** Study material **
--------------------
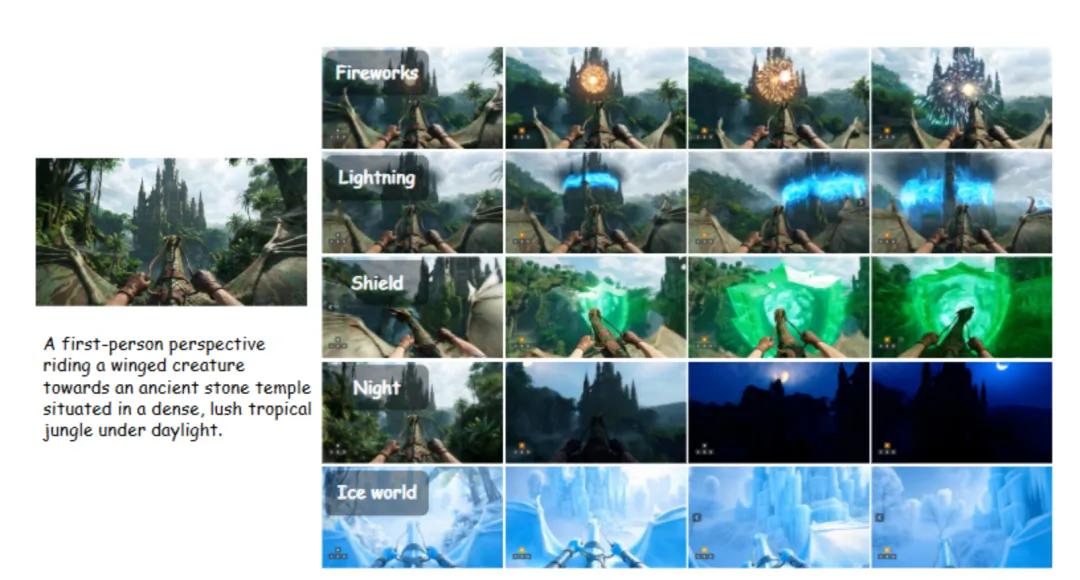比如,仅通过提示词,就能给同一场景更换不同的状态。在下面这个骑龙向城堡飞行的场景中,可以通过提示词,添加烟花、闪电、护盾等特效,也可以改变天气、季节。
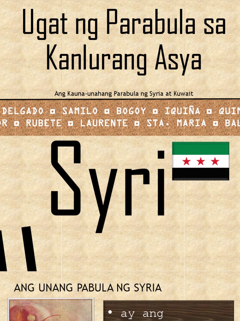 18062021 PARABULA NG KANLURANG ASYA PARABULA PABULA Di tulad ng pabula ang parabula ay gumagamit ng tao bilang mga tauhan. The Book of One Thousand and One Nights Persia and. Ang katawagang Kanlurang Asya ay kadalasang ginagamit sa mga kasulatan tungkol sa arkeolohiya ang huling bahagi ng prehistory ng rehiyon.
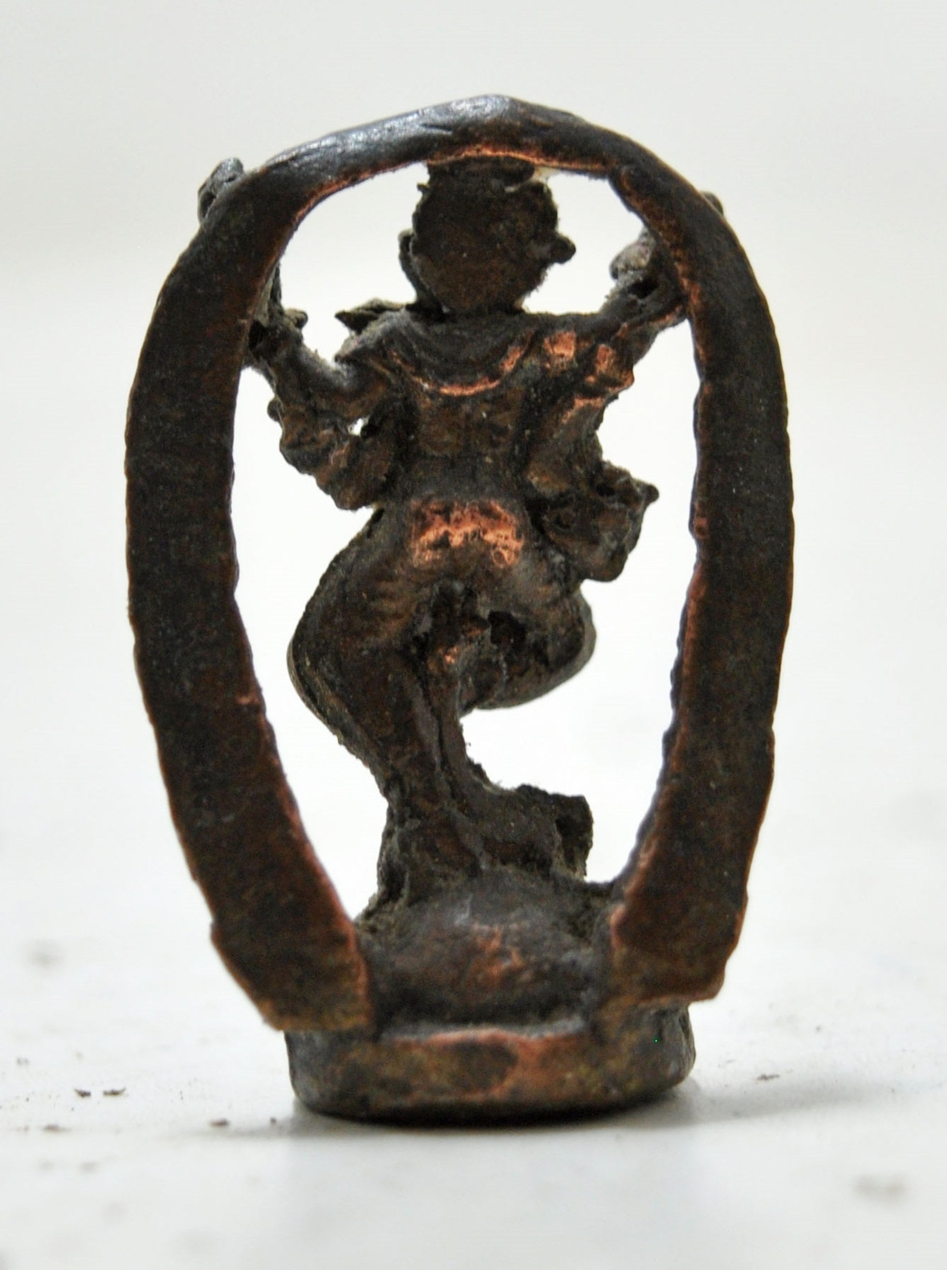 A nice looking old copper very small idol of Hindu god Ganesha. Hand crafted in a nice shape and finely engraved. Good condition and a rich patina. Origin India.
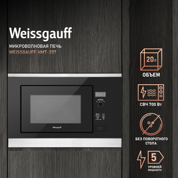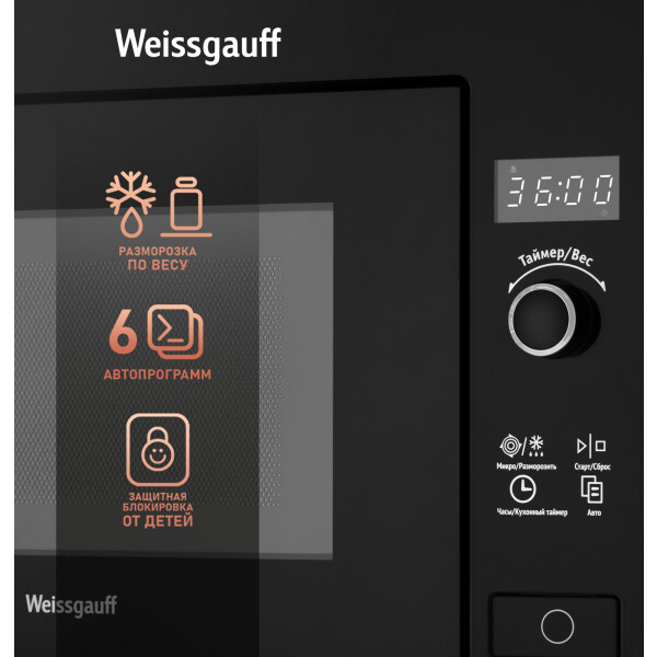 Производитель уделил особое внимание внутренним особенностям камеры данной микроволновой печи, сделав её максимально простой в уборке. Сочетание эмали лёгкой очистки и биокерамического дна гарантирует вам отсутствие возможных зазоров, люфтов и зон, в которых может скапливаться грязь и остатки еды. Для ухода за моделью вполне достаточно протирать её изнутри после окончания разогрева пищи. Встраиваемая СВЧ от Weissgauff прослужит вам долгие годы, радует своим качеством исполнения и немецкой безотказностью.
--------------------
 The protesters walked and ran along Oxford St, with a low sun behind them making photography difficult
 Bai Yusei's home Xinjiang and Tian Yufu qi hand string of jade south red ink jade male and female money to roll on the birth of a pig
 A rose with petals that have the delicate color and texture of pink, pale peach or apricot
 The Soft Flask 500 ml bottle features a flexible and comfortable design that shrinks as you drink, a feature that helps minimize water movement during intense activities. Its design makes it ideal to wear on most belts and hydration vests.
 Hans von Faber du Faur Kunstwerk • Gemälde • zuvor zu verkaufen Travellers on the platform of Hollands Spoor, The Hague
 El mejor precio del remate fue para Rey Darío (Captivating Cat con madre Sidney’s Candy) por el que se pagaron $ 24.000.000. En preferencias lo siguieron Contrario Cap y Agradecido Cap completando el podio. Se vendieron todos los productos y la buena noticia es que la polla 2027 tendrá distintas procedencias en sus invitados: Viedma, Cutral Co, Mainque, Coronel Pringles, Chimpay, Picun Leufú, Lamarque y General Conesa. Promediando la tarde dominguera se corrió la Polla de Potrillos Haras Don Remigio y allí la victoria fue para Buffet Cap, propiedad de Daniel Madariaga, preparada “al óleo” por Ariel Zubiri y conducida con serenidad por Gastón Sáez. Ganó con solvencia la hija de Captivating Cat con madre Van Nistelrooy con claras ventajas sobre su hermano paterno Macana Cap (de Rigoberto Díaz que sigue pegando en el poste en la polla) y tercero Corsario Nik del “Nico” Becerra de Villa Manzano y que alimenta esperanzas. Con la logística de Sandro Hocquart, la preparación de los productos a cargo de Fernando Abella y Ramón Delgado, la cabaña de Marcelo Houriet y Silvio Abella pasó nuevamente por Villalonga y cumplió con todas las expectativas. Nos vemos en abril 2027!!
--------------------
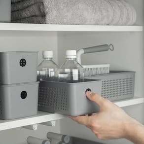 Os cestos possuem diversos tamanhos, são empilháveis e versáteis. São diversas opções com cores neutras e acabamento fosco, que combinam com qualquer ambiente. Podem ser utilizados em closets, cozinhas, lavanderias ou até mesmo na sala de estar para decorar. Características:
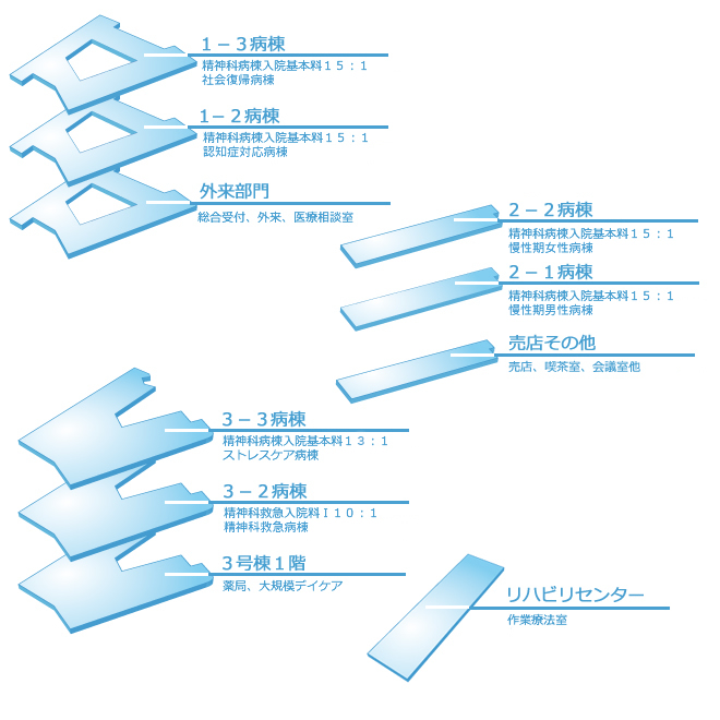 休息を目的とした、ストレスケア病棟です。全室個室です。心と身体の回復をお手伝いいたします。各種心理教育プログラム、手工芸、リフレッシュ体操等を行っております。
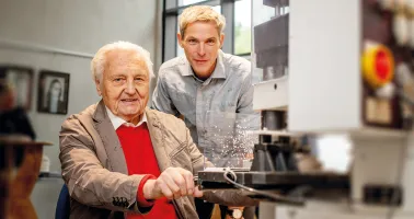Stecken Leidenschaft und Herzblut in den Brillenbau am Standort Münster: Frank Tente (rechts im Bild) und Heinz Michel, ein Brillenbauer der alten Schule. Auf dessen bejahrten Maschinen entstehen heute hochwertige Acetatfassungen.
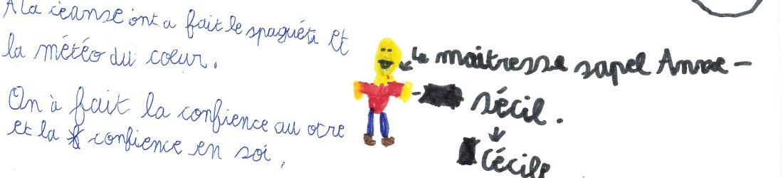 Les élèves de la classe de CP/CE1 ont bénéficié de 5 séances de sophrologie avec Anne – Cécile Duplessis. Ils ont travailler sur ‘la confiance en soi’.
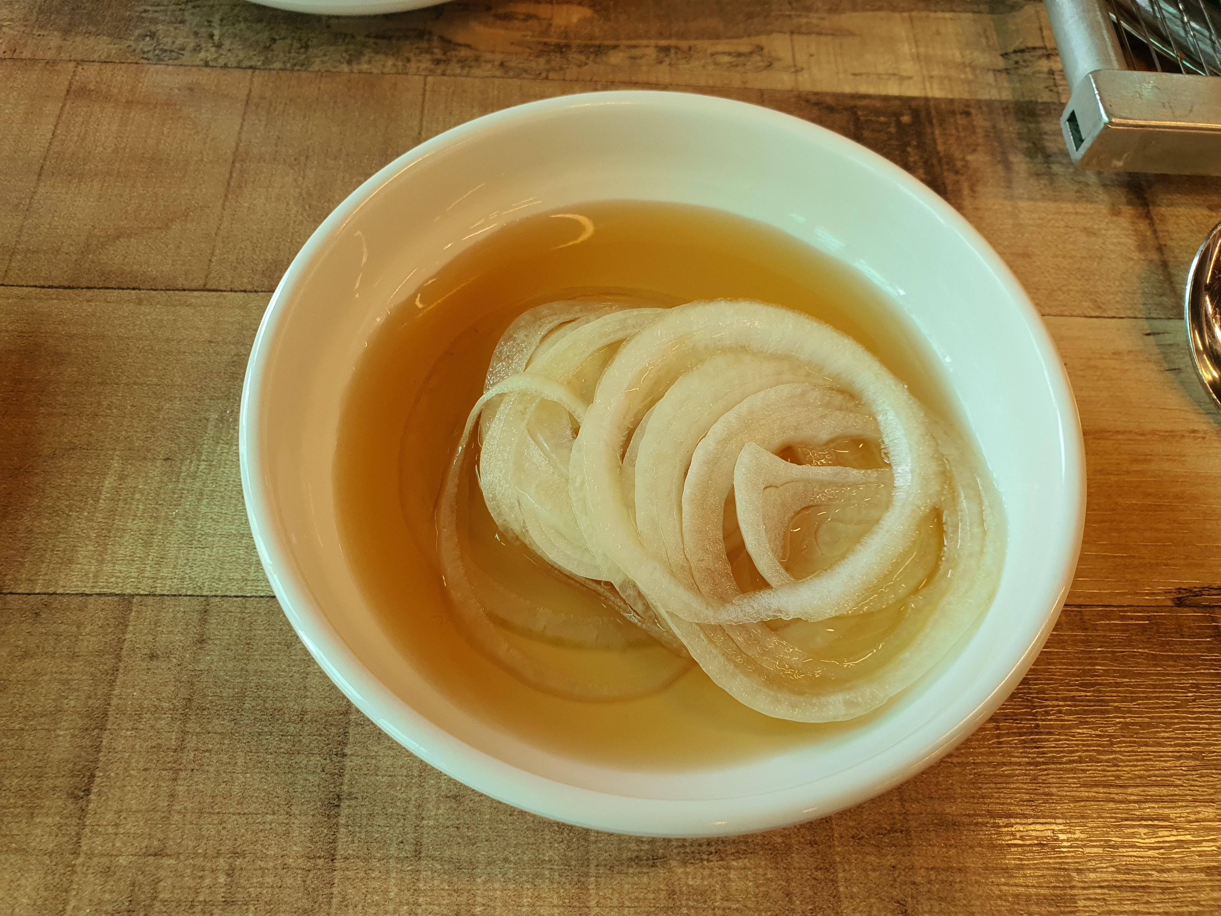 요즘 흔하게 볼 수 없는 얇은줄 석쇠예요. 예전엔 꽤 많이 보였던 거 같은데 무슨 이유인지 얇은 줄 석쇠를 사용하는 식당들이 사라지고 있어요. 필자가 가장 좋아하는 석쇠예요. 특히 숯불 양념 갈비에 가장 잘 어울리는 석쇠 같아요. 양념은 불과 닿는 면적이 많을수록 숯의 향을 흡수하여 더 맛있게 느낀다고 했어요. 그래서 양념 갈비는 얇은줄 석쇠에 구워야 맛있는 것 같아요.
--------------------
** Exercise goal **
Using the entries above, output exactly the lines between the line holding "A rose with" and the line holding "El mejor precio", end lines included, and nothing more.

** Final answer **
 A rose with petals that have the delicate color and texture of pink, pale peach or apricot
 The Soft Flask 500 ml bottle features a flexible and comfortable design that shrinks as you drink, a feature that helps minimize water movement during intense activities. Its design makes it ideal to wear on most belts and hydration vests.
 Hans von Faber du Faur Kunstwerk • Gemälde • zuvor zu verkaufen Travellers on the platform of Hollands Spoor, The Hague
 El mejor precio del remate fue para Rey Darío (Captivating Cat con madre Sidney’s Candy) por el que se pagaron $ 24.000.000. En preferencias lo siguieron Contrario Cap y Agradecido Cap completando el podio. Se vendieron todos los productos y la buena noticia es que la polla 2027 tendrá distintas procedencias en sus invitados: Viedma, Cutral Co, Mainque, Coronel Pringles, Chimpay, Picun Leufú, Lamarque y General Conesa. Promediando la tarde dominguera se corrió la Polla de Potrillos Haras Don Remigio y allí la victoria fue para Buffet Cap, propiedad de Daniel Madariaga, preparada “al óleo” por Ariel Zubiri y conducida con serenidad por Gastón Sáez. Ganó con solvencia la hija de Captivating Cat con madre Van Nistelrooy con claras ventajas sobre su hermano paterno Macana Cap (de Rigoberto Díaz que sigue pegando en el poste en la polla) y tercero Corsario Nik del “Nico” Becerra de Villa Manzano y que alimenta esperanzas. Con la logística de Sandro Hocquart, la preparación de los productos a cargo de Fernando Abella y Ramón Delgado, la cabaña de Marcelo Houriet y Silvio Abella pasó nuevamente por Villalonga y cumplió con todas las expectativas. Nos vemos en abril 2027!!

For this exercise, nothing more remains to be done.